Extracted material: Begin

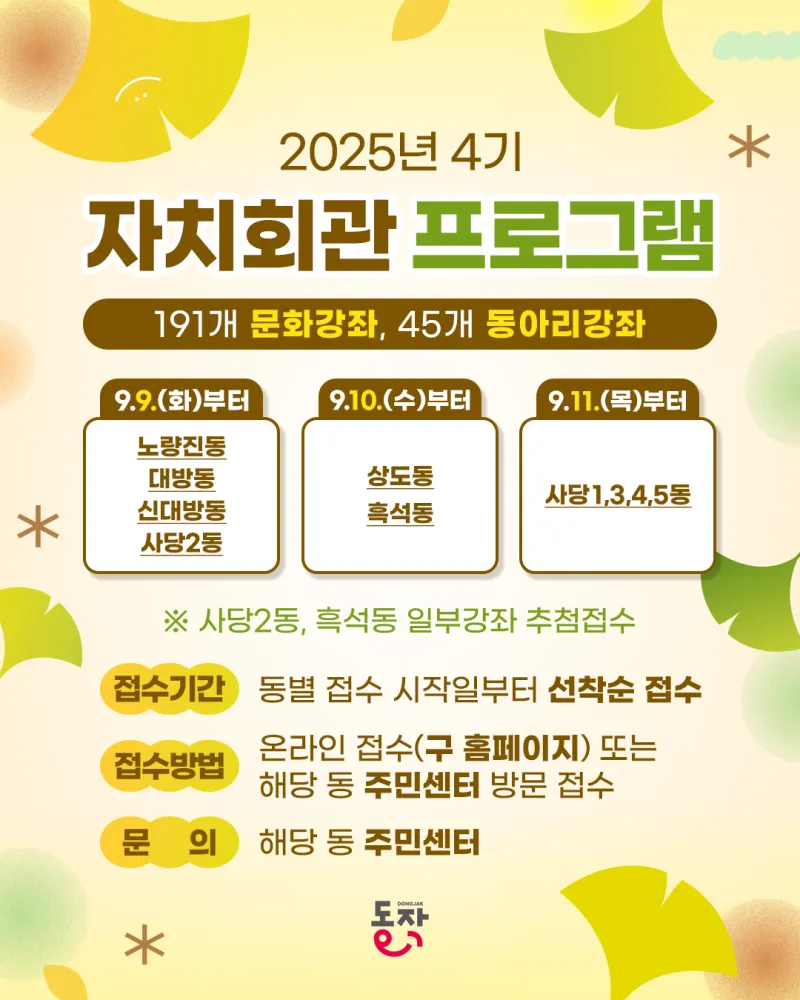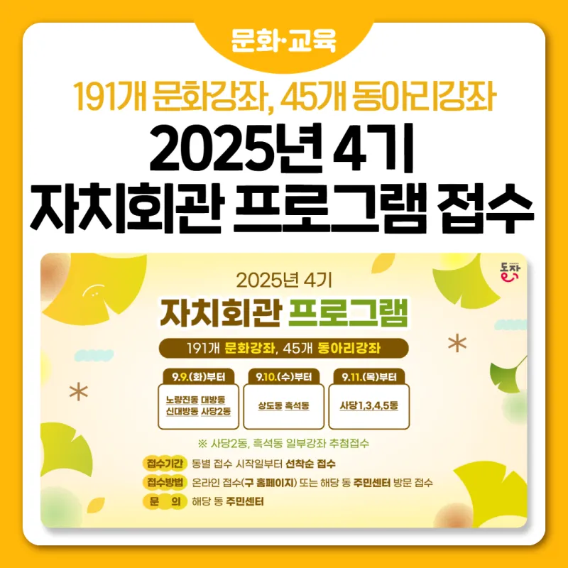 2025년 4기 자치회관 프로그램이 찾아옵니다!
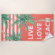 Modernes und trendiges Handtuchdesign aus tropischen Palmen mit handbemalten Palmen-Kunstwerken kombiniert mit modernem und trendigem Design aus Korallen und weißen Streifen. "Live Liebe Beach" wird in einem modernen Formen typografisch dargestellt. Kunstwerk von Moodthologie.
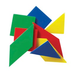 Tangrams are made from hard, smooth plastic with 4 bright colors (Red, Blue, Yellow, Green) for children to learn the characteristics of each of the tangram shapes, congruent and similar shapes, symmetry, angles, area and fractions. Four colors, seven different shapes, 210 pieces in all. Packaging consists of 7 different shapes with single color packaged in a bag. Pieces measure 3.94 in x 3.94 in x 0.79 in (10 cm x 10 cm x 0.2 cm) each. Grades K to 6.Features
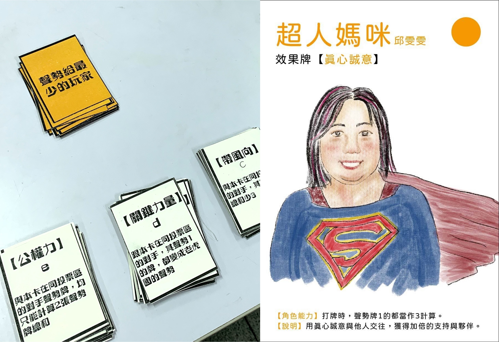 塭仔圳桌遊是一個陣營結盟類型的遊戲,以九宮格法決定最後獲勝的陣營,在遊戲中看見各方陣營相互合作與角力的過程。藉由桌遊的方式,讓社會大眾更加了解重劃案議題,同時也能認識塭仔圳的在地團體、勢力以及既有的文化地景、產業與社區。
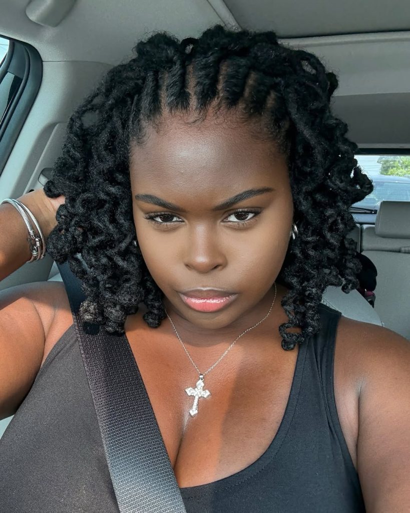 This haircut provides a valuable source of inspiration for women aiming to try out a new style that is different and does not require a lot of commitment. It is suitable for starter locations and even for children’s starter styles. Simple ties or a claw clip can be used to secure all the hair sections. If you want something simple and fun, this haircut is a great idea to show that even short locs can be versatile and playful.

Extracted material: End
Extracted material: Begin

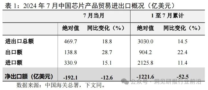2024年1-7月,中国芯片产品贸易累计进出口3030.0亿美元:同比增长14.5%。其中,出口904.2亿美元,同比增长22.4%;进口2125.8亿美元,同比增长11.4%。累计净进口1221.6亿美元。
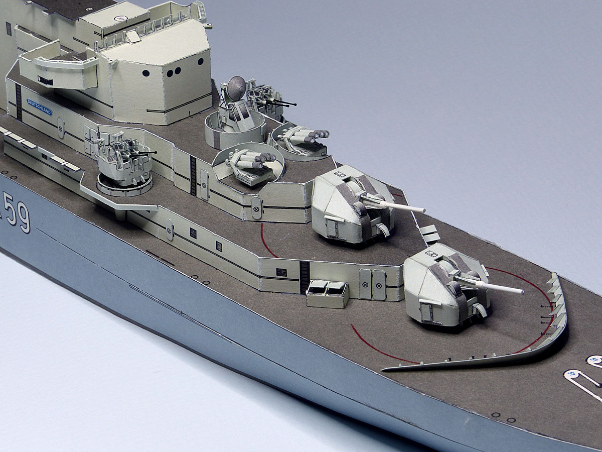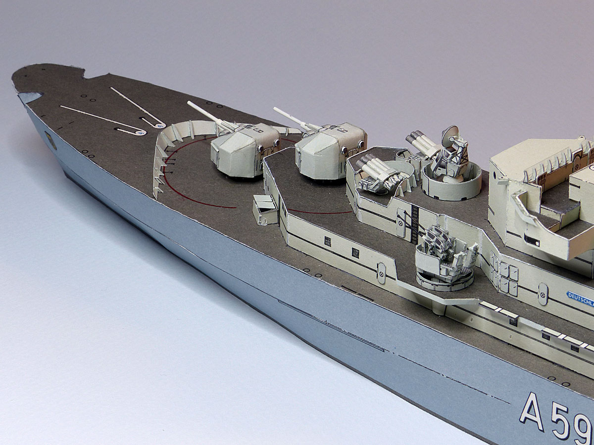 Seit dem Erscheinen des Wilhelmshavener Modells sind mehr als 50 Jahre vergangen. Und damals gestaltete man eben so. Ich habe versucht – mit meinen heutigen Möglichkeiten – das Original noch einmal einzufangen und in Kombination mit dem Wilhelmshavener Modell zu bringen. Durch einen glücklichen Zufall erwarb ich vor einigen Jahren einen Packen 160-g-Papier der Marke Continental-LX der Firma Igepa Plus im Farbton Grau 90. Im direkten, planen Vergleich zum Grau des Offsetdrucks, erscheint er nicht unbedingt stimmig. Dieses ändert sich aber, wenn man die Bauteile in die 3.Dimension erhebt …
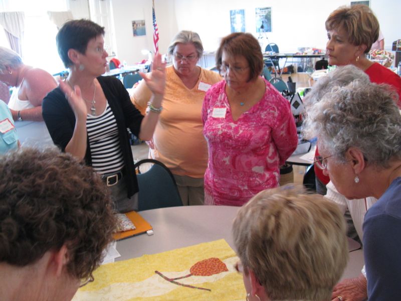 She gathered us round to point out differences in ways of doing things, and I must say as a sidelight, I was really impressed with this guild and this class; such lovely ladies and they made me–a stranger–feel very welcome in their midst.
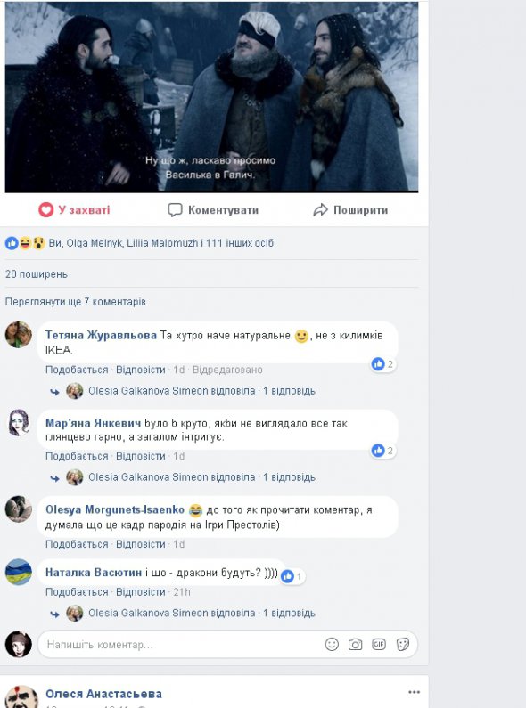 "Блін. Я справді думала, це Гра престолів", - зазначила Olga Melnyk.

Extracted material: End

Aim of the exercise - What is wanted is an exact copy of the lines above from the one containing "2024年1-7月,中国芯片" through the one containing "зазначила Olga Melnyk.", with no pictures in it.

Answer for the task -
2024年1-7月,中国芯片产品贸易累计进出口3030.0亿美元:同比增长14.5%。其中,出口904.2亿美元,同比增长22.4%;进口2125.8亿美元,同比增长11.4%。累计净进口1221.6亿美元。
 Seit dem Erscheinen des Wilhelmshavener Modells sind mehr als 50 Jahre vergangen. Und damals gestaltete man eben so. Ich habe versucht – mit meinen heutigen Möglichkeiten – das Original noch einmal einzufangen und in Kombination mit dem Wilhelmshavener Modell zu bringen. Durch einen glücklichen Zufall erwarb ich vor einigen Jahren einen Packen 160-g-Papier der Marke Continental-LX der Firma Igepa Plus im Farbton Grau 90. Im direkten, planen Vergleich zum Grau des Offsetdrucks, erscheint er nicht unbedingt stimmig. Dieses ändert sich aber, wenn man die Bauteile in die 3.Dimension erhebt …
 She gathered us round to point out differences in ways of doing things, and I must say as a sidelight, I was really impressed with this guild and this class; such lovely ladies and they made me–a stranger–feel very welcome in their midst.
 "Блін. Я справді думала, це Гра престолів", - зазначила Olga Melnyk.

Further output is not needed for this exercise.